Ditto the official response to the Manchester Arena bombing, which encouraged us not to look back in anger and certainly not to look into why the bomber’s parents had been granted asylum in the UK when his father had been a member of the Libyan Islamic Fighting Group. The same went for media coverage of the 2020 Reading Park terrorist, Khairi Saadallah. Two days after Saadallah stabbed three people to death while shouting ‘Allahu akbar’, the Guardianinformed its readers that the killer had been suffering from post-traumatic stress disorder from the Libyan civil war. In fact, the psychiatrists who examined him for his murder trial found no signs of mental illness, but the civil war did have an impact on him: he fought in it on behalf of Ansar al-Sharia, an Al-Qaeda-aligned militia. Mental health was the chosen frame because the alternative was asking how Saadallah came to be granted asylum in the UK after informing the Home Office that he had been part of a militant Islamist group. After informing the Home Office.

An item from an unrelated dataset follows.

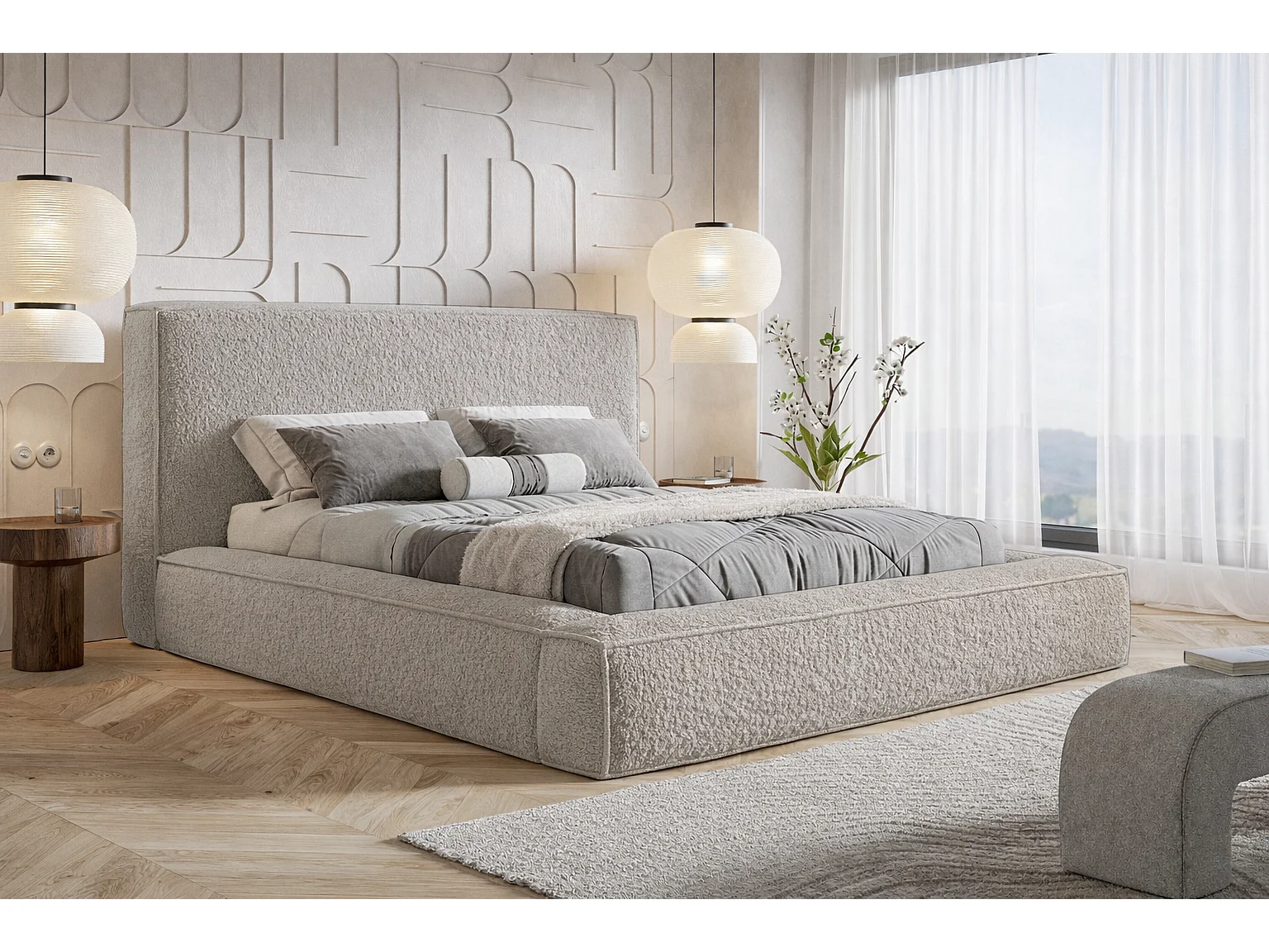 Polsterbett 180x200 Karano mit Bettkasten - Lattenrost, Samtstoff - Hellgrau (Catch Me 24)

The law of displaced culpability is a psychic defence mechanism that protects the liberal governing class and its cherished beliefs from a violent encounter with reality. Amazon has questions to answer over how a 17-year-old was able to purchase a knife from its website, but while concerning this is ultimately a secondary matter. Amazon knife sales didn’t kill those little girls in Southport, a dangerous individual who should not have been at liberty killed them. Knives are not hard to come by. Rudakubana was aided and abetted not by online retail practices, but by decades of well-meaning liberal policy that has preferred to manage risks in the community rather than concede that mentally ill people who habitually engage in violent or aggressive behaviour should be separated from the rest of us indefinitely.